_WORK TASK_.
Required from the data below: the exact lines starting at the line containing "U-profile for hanging" and ending at the line containing "актуальна и обозначена", with both ends kept and all pictures dropped.

_MATERIAL TO PROCESS_.
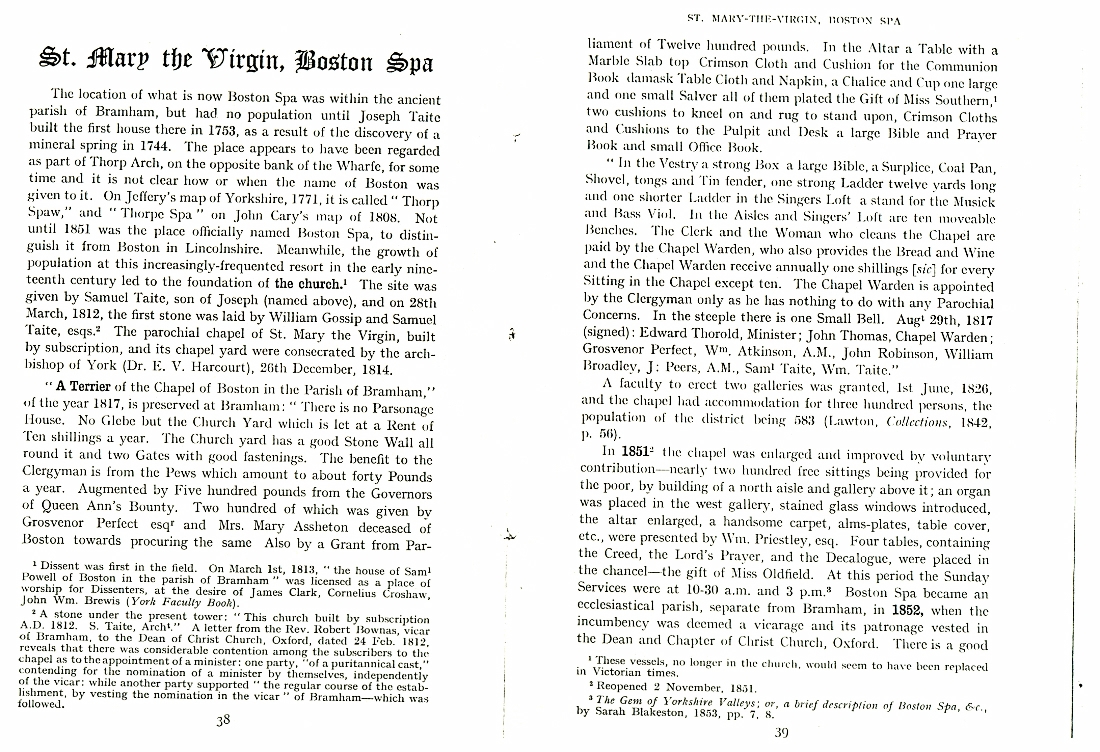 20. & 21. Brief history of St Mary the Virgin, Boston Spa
--
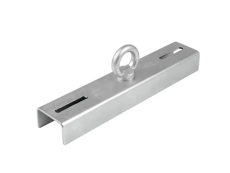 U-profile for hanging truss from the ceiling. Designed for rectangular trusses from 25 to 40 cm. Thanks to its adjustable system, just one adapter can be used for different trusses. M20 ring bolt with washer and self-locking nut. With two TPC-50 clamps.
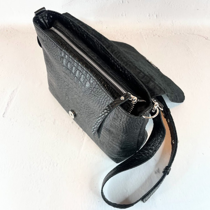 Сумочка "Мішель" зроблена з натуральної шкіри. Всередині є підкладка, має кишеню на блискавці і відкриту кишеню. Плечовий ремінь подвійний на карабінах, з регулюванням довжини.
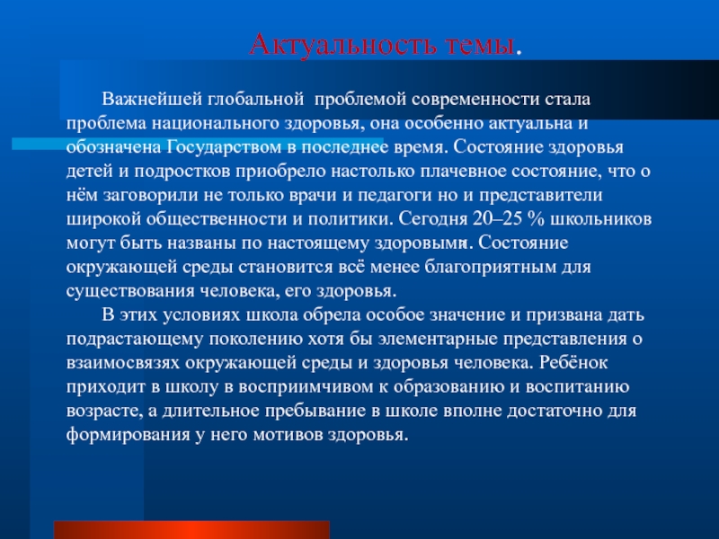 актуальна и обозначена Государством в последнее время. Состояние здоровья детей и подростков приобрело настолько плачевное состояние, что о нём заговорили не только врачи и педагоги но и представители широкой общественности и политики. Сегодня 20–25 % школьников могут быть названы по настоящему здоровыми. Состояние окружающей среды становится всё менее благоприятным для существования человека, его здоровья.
--
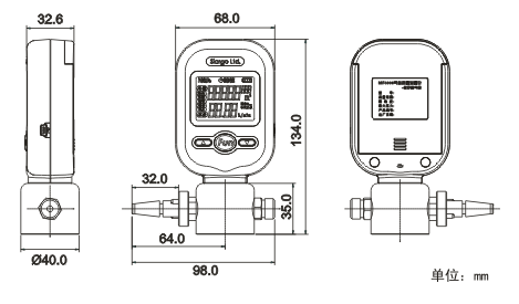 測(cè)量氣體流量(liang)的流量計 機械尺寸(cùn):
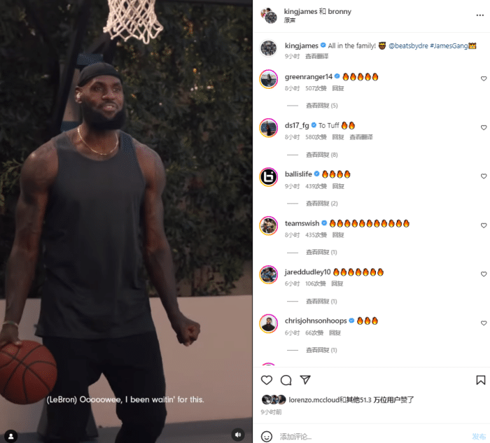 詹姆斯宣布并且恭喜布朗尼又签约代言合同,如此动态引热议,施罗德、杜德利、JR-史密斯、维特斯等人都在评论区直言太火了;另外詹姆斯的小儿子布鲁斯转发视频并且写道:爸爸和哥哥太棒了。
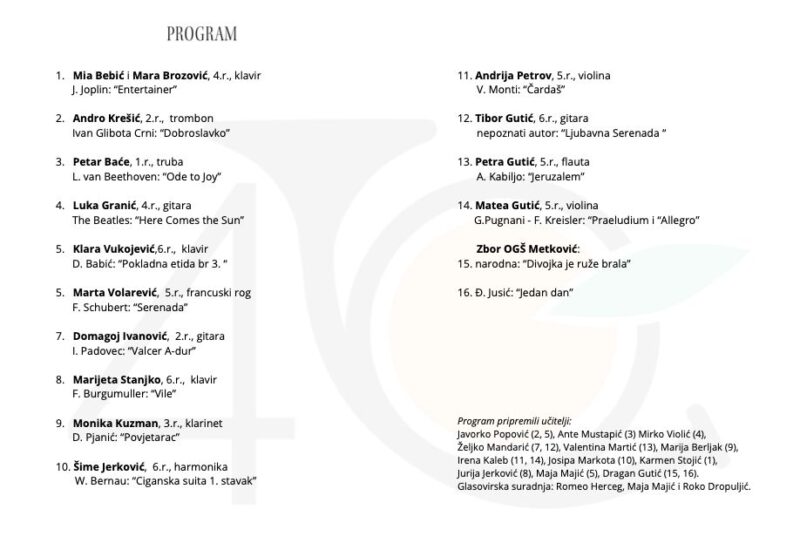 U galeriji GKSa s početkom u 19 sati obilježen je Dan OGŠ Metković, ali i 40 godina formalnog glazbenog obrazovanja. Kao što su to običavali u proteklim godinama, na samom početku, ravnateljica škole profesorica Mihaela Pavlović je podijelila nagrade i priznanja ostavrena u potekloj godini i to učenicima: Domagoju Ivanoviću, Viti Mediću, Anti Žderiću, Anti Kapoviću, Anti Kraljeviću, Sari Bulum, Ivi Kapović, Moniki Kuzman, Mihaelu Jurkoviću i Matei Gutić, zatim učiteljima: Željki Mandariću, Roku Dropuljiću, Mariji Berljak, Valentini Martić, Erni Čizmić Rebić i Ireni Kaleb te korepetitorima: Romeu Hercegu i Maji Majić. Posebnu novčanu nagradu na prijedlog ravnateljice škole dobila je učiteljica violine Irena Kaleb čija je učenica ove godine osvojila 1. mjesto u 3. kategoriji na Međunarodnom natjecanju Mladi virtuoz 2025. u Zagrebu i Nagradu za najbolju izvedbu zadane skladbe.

_REPLY TO THE EXERCISE_.
 U-profile for hanging truss from the ceiling. Designed for rectangular trusses from 25 to 40 cm. Thanks to its adjustable system, just one adapter can be used for different trusses. M20 ring bolt with washer and self-locking nut. With two TPC-50 clamps.
 Сумочка "Мішель" зроблена з натуральної шкіри. Всередині є підкладка, має кишеню на блискавці і відкриту кишеню. Плечовий ремінь подвійний на карабінах, з регулюванням довжини.
 актуальна и обозначена Государством в последнее время. Состояние здоровья детей и подростков приобрело настолько плачевное состояние, что о нём заговорили не только врачи и педагоги но и представители широкой общественности и политики. Сегодня 20–25 % школьников могут быть названы по настоящему здоровыми. Состояние окружающей среды становится всё менее благоприятным для существования человека, его здоровья.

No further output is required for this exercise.